Over the past few years, many numerical studies have been completed to simulate the PEM fuel cell; however, modeling the entire system with the novel reduced dimensionality electrochemical fuel cell model explained in Section 2.2.1. has not yet been adequately explored. In this research, the model of the PEM FC system was developed, calibrated, and the auxiliary compressor and humidifier were sized. Design of experiments was performed to find the optimal stack temperature range. The results showed that the simulation was performed in good agreement with the existing data used in the literature. The model is able to successfully extrapolate the profile of key parameters, such as temperature, pressure, power, voltage, etc. Based on this study, the following conclusions can be drawn:

• The cell performance is only slightly changed with the variations in the stoichiometric ratio of the cathode side. The only difference can be seen on high currents (above 45 A).
• Increasing the cell temperature results in increased fuel cell performance at medium to high currents. The optimal working range is determined by the design of experiments and is in the range of 40–60 °C. In future work, a more complex heat and water management system will be applied to the model to see how this auxiliary system affects the efficiency of the overall system.

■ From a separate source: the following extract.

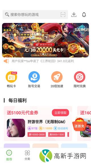 1、打开变态手游盒子App,在首页你可以看到很多好玩的BT变态版游戏

• In the low current region, due to lower activation losses, low temperature stacks are significantly more efficient (8% difference between 80 °C and 40 °C at 20 A current).

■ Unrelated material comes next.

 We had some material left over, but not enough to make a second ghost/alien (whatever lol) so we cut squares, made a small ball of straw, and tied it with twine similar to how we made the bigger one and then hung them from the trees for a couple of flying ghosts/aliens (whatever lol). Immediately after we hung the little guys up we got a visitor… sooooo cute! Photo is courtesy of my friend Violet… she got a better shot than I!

• Compressor addition is justified only in the high current regions where compressor parasitic losses are outweighed by performance gains (22% power gain at maximal load).

This work shows the level complexity of the PEM FC system model that can still be simulated in real time, and in future research this model is planned to be used as part of software-in-the-loop testing environment. Since most of the work at our department of mechanical engineering is currently focused on marine technologies, the next step in this research is adding a methanol reformer component to the base model. For marine application, methanol is considered the fuel of the future for large cargo ships due to the safety of storage compared to other alternative fuels. This field has not yet been researched properly, especially in system analysis. In addition to the reformer, the entire system must also be scaled to the level of the ship, which involves complex heat and water management models. This goal is certainly challenging, but the industry’s transition to alternative fuels is imminent, and finding a proper solution for zero emission technology is a must.